Gravitropism determines the upward growth of shoot and the downward growth of root (Chen et al., 1999). Research has demonstrated that the gravitropic response of shoots plays a pivotal role in determining rice leaf angle (Li et al., 2007; Wu et al., 2013). LAZY1 modulates shoot gravitropism by playing a negative role in polar auxin transport, thereby negatively regulating rice leaf angle (Li et al., 2007). Recently, a study revealed that the WRKY family transcription factor OsWRKY72 positively regulates leaf angle by modulating LAZY1-mediated shoot gravitropism (Liu et al., 2024). Loose Plant Architecture1 (LPA1), acting as a negative regulator of rice leaf angle, is also involved in the gravitropic response of shoots by modulating the sedimentation rate of amyloplasts (Wu et al., 2013). In addition, LPA1 affects the expression levels of three auxin efflux genes: OsPIN1a, OsPIN1c, and OsPIN3a, which implies that auxin flux might be involved in LPA1-mediated lamina inclination in rice (Liu et al., 2016). Subsequently, a study demonstrated that LPA1 activates the expression of OsPIN1a, thereby regulating rice leaf angle (Sun et al., 2019).

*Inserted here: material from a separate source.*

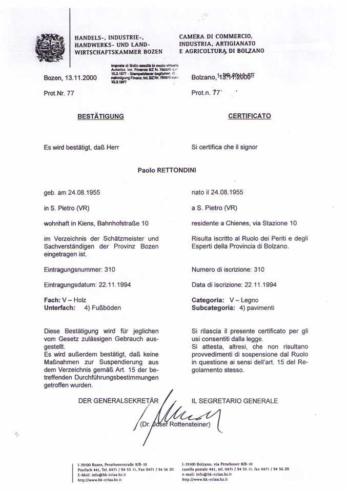 Iscritto al ruolo dei Periti e degli Esperti della C.C.I.A.A. (BZ) al n° 310 cat. V° sub. 4 (pavimento in legno)
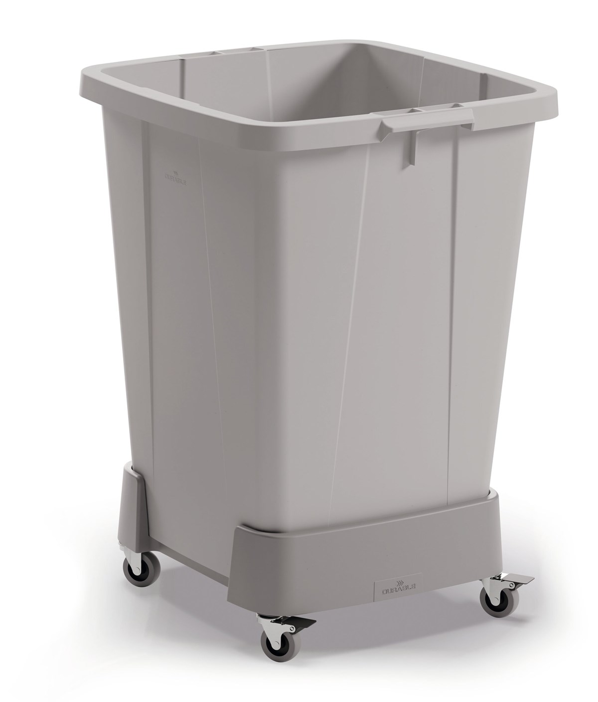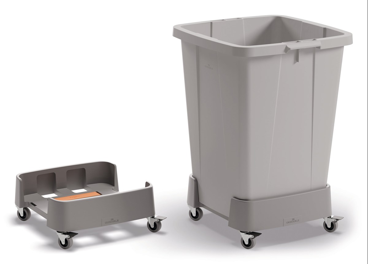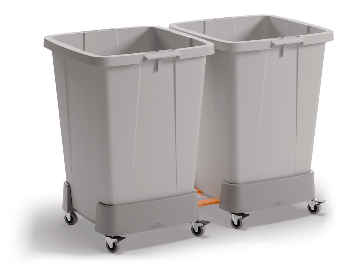 DURABIN 90 rPP gör det lätt att flytta en fylld DURABIN 90 liters soptunna på ett smidigt sätt. Det kan t.ex. vara råmaterial, material som ska återvinnas eller matavfall som ska samlas ihop på annan plats. För inomhus- och skyddad utomhusanvändning på plana ytor i lagerlokaler, produktionsområden, matsalar etc. Upp till 4 rullplattor - för både 60 och 90 liters tunnor, kan kopplas ihop med hjälp av de medföljande och integrerade kopplingarna.

In this study, we found that OsARF12 was highly expressed in the leaf lamina joint and functioned as a transcriptional activator. Phenotypic analysis of OsARF12 transgenic plants revealed that OsARF12 was a negative regulator for rice leaf angle. Furthermore, we demonstrated that OsARF12 directly activated the expression of LPA1 and LAZY1 by binding to their promoters. Consistent with the phenotype of the lpa1 and lazy1 mutants, the osarf12 mutant exhibited impaired shoot gravitropism. Collectively, these findings reveal an auxin signaling pathway that regulates rice leaf angle through shoot gravitropism, highlighting its potential for application in crop architecture optimization.